Бернс вздохнул и сел в огромное кожаное кресло, которое немедленно поглотило его.
Надевая рубашку и разглядывая Бернса, Палмер заметил, что он выглядит очень утомленным.
– Неважнецкий вид, а? – спросил тот, по-актерски мгновенно уловив реакцию зрителя.– Я тут вращался и изощрялся ради тебя, Вуди, дорогой. Я царапался и цапался за ЮБТК. Последние восемь дней я спал в среднем по три-четыре часа. То есть, если вообще ложился.
– Сожалею,– сказал Палмер, заправляя рубашку в брюки.– Но повторяю, почему мне нужно было так спешить сюда?
Бернс посмотрел на него прищурясь:
– Ты чем-то недоволен, дорогуша?
– Нет, просто любопытствую.
– У тебя такой тон, будто ты на меня злишься.
– Нет,– соврал Палмер.– После поезда я не отличаюсь обаянием. Особенно когда мне не совсем ясно, зачем я ехал.
– По многим причинам,– ответил Бернс.– Твое физическое присутствие здесь почти так же важно, как и любая из остальных причин.
– Показаться в обществе нужных людей. Эта причина?
– Лишь отчасти, Вуди. Мы спустимся в комнату отдыха и поболтаем с некоторыми руководителями демократической партии. Это произведет хорошее впечатление. Потом мы поедем на сборище, которое организует в «Тен Эйк» одна из шишек республиканской партии. Но это только часть дела. Ты нужен мне здесь, чтобы подкрепить то, что я всю неделю продавал этим деятелям.
– Не думаю, чтобы этих деятелей оказалось тут много накануне рождества.
– Они разъезжаются завтра. Поэтому я и настаивал на твоем срочном приезде. Сегодня последний вечер для подобных мероприятий. А после окончания каникул, тошно подумать, начнется сессия. Так что сегодня или никогда.
Палмер вытащил из чемодана новый галстук и посмотрел на себя в длинное тусклое гардеробное зеркало.
– Чем же ты забавлялся здесь?
– Мечтаниями. Чем еще я могу заниматься?
– Что за мечтания?
Бернс пожал плечами. Палмер поймал это движение в зеркале и мгновение смотрел не на свое отражение, а на Бернса.
– Что-нибудь конкретное?
– Некоторые местные ребята могут быть нам полезны – юристы в основном.
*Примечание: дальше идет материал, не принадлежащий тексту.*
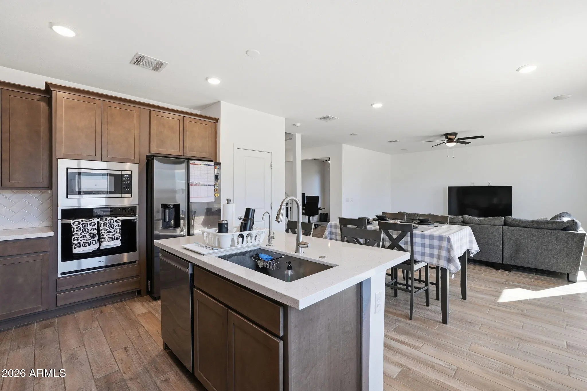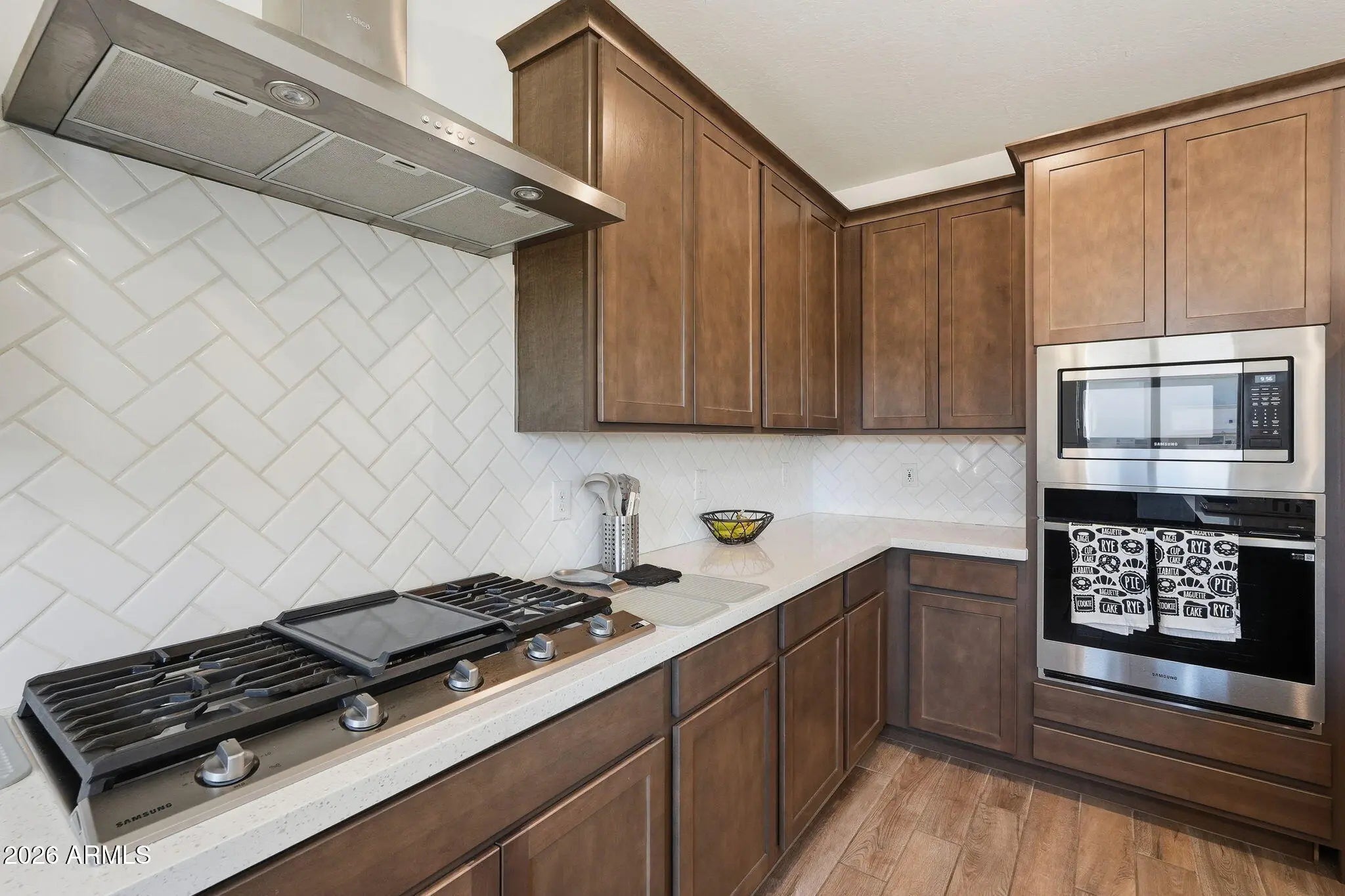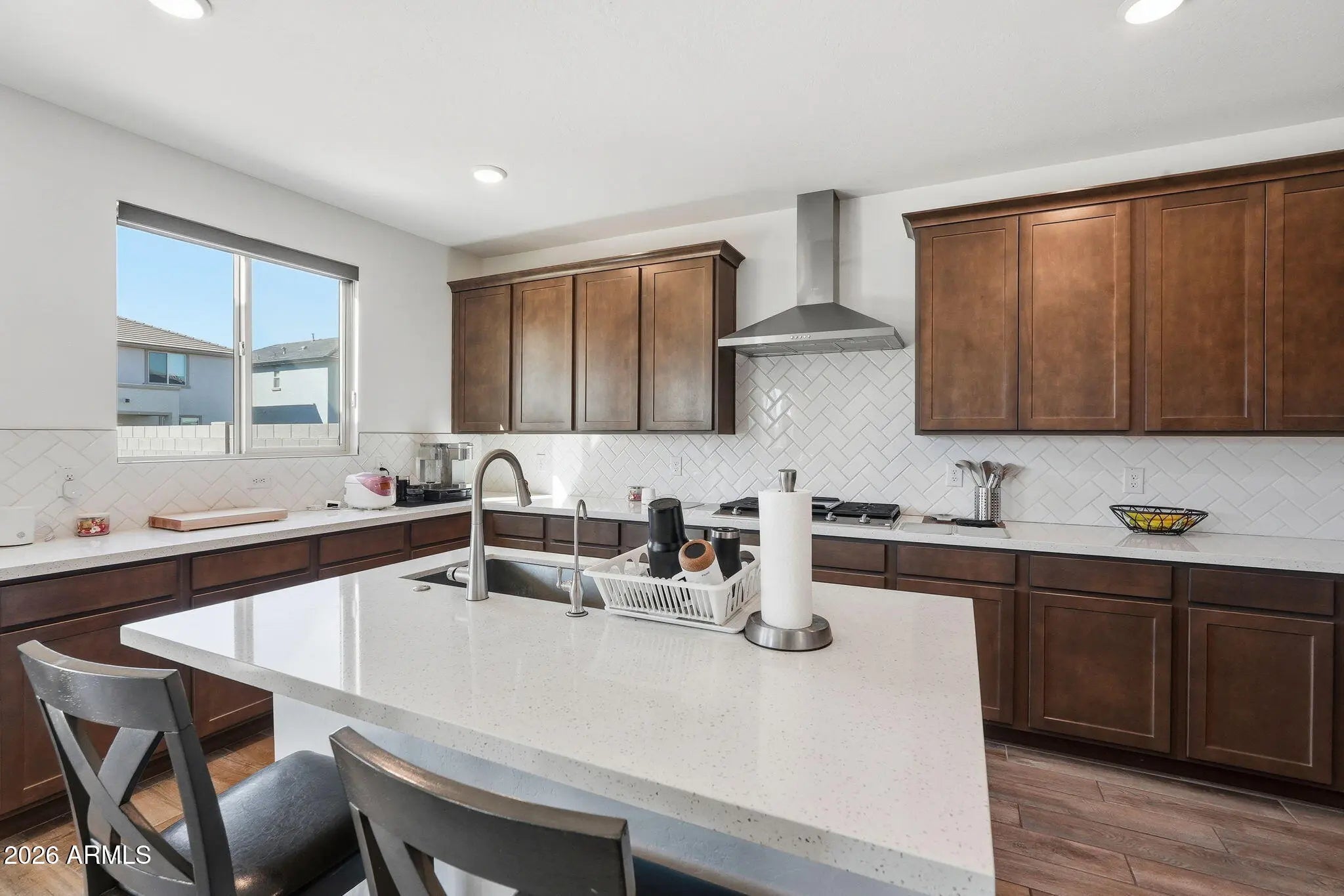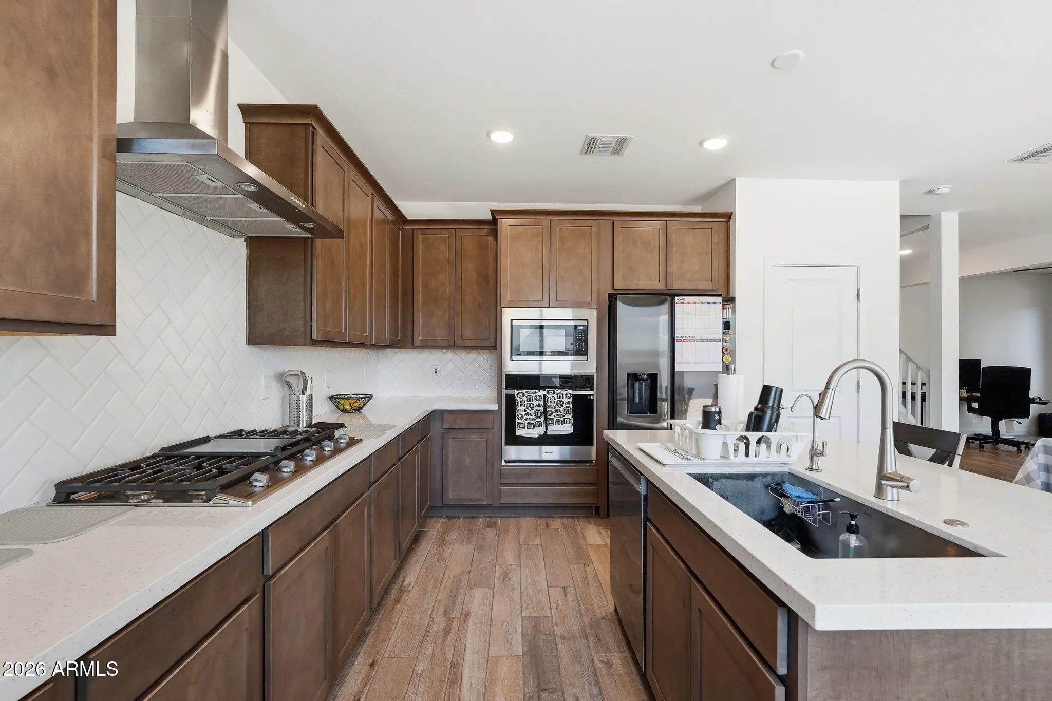 5.25% ASSUMABLE VA LOAN! Why wait for a new build when you can have this 2024 build. Save monthly with a 5.25% Assumable VA Loan! The Highlights: Chef's Dream: Gourmet kitchen w/ gas range & stainless hood. Luxury Upgrades: Wood-look tile & a owned $10k water softener system. Flex Living: Bedroom + full bath on the MAIN floor for guests or multi-generational living. Prime Location: Minutes from Loop 303, Luke Air Force Base and Lake Pleasant. Walk to Desert Oasis Elementary School. This is the move-in-ready home you've been waiting for!

Я разъяснил им, что для их клиентов, которым нужны займы, сберегательные банки не могут сделать ни черта. Только коммерческие банки могут им помочь.
– Ты давал какие-нибудь обязательства?
– Насчет голосования? Слишком рано.
– Я имею в виду займы.
– Насчет займов? Я? – Бернс повернул руки ладонями вверх. Сложил их и прижал к груди.– За кого ты меня принимаешь – за дурака какого-нибудь, что ли?
– Просто спросил.
– Вуди!..– И опять слово, казалось, повисло над их головами.– Вуди, деточка,– продолжал Бернс,– ты, ей-богу, злишься на меня. Признайся.
Палмер скорчил зеркалу гримасу, сердясь на себя за то, что не сдержался и продемонстрировал Бернсу свое недоверие. Прежде чем ответить, он старательно завязал галстук.– Мак,– начал он,– я полностью доверяю твоему благоразумию. Я доверяю твоим суждениям, твоей политической проницательности, твоей преданности, твоей энергии. Единственная вещь, которой я не доверяю,– это твоей способности быть банкиром. Как банкир ты никуда не годился бы. Вот почему, когда ты сказал, что ведешь переговоры о деловых займах, я действительно удивился. Улыбка расколола узкое лицо Бернса, его тонкая нижняя губа оттопырилась от удовольствия.
– Я не банкир, нет. Верь мне, деточка, я это знаю. Но я и не дурак. Финансовые детали я оставляю тебе.
Палмер повернулся и посмотрел на него в упор.
– Поэтому я здесь? Чтобы говорить о займах?
Длинные худые руки Бернса рванулись к Палмеру ладонями вверх в красноречивом жесте отрицания.
– Никогда, Вуди, дорогой, я не поставлю тебя в такое положение. Подумай, кто поверил бы намекам Мака Бернса на займы? Но когда Мак Бернс и Вуди Палмер толкаются по Олбани вдвоем, тогда уже верят. Намеки могут так и не стать делом никогда, даже через миллионы лет, но им верят. Так я и сказал тебе, Вуди, я занимался мечтаниями.
– Как я и сказал тебе, Мак, именно поэтому ты никогда не станешь банкиром.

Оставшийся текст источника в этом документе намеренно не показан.